> _Provided material_:
- - - - - - -

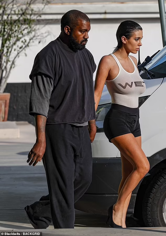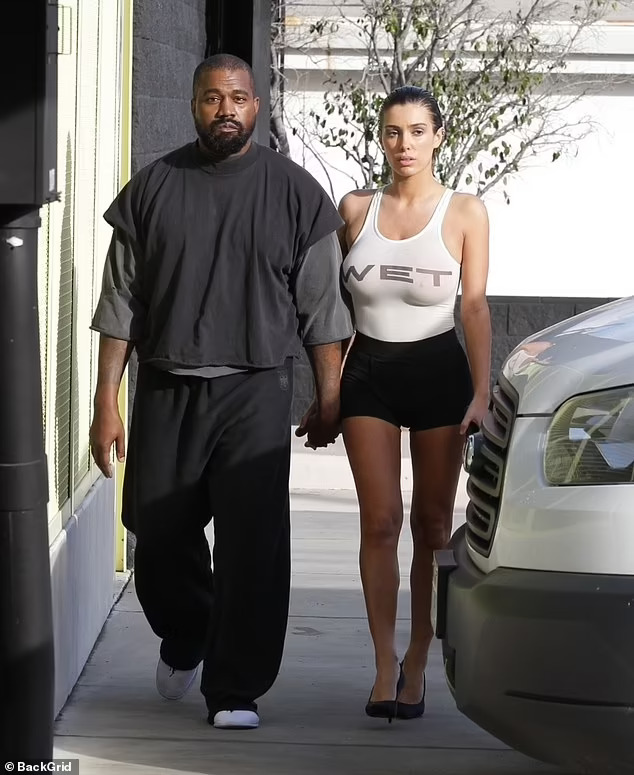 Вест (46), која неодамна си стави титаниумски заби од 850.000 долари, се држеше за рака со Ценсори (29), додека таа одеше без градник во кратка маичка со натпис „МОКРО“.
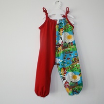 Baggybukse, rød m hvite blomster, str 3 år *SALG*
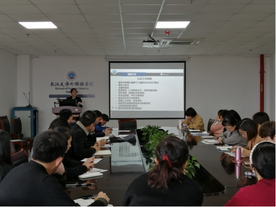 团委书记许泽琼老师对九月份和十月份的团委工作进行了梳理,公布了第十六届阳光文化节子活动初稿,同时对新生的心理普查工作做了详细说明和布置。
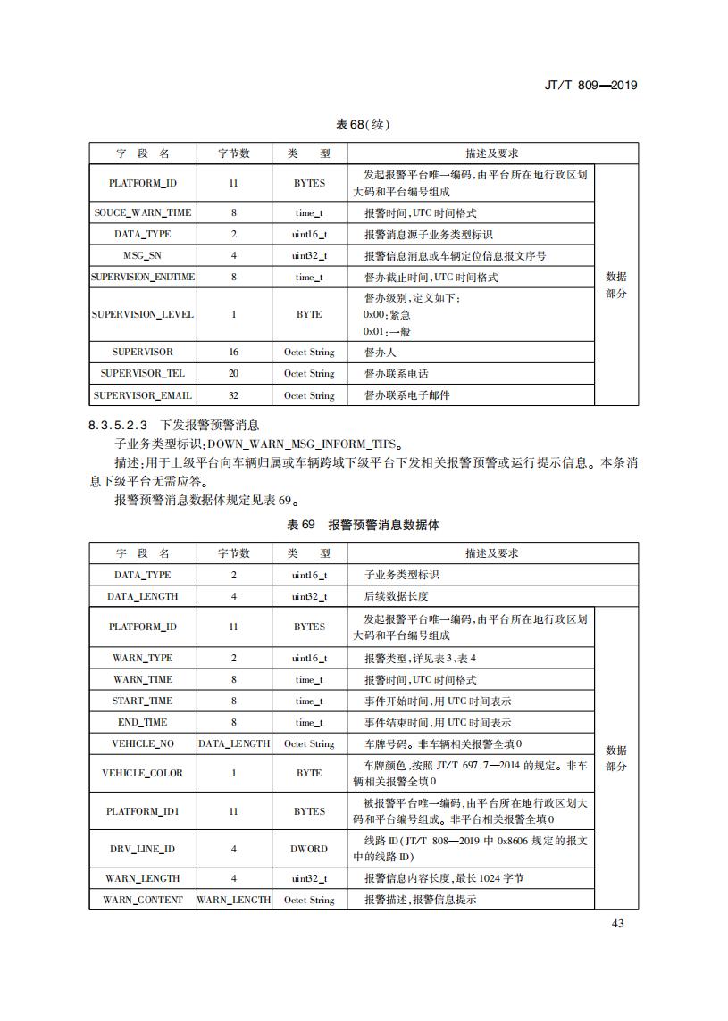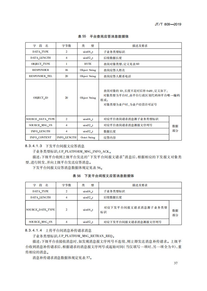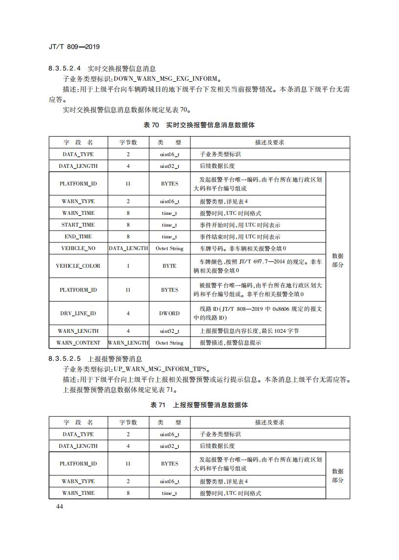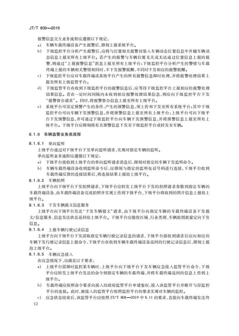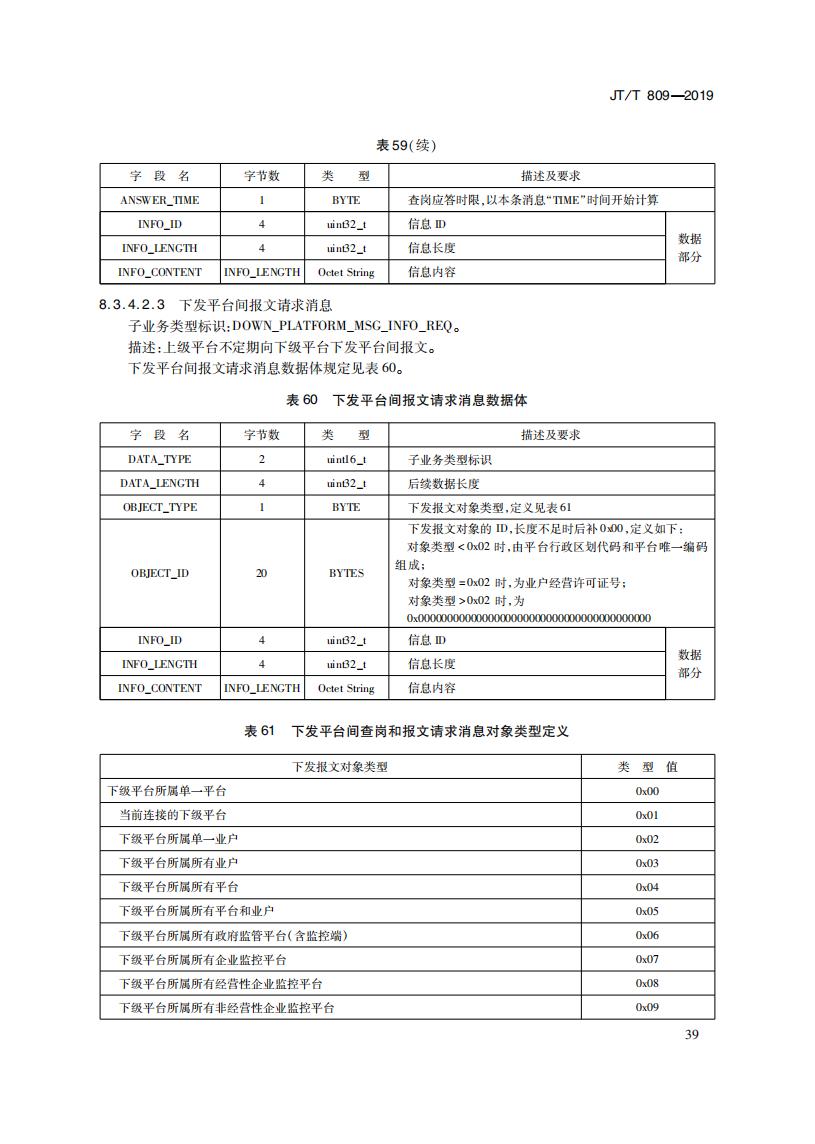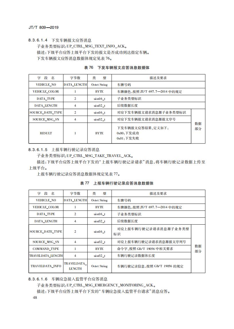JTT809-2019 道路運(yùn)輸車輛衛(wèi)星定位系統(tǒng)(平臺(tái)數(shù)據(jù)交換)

- - - - - - -

> _What you are asked to do_: Only the lines between the one containing "团委书记许泽琼老师对九月份和" and the last line of the listing above, both included, should be written out, exactly and without pictures.

> _Solution below_:
 团委书记许泽琼老师对九月份和十月份的团委工作进行了梳理,公布了第十六届阳光文化节子活动初稿,同时对新生的心理普查工作做了详细说明和布置。
JTT809-2019 道路運(yùn)輸車輛衛(wèi)星定位系統(tǒng)(平臺(tái)數(shù)據(jù)交換)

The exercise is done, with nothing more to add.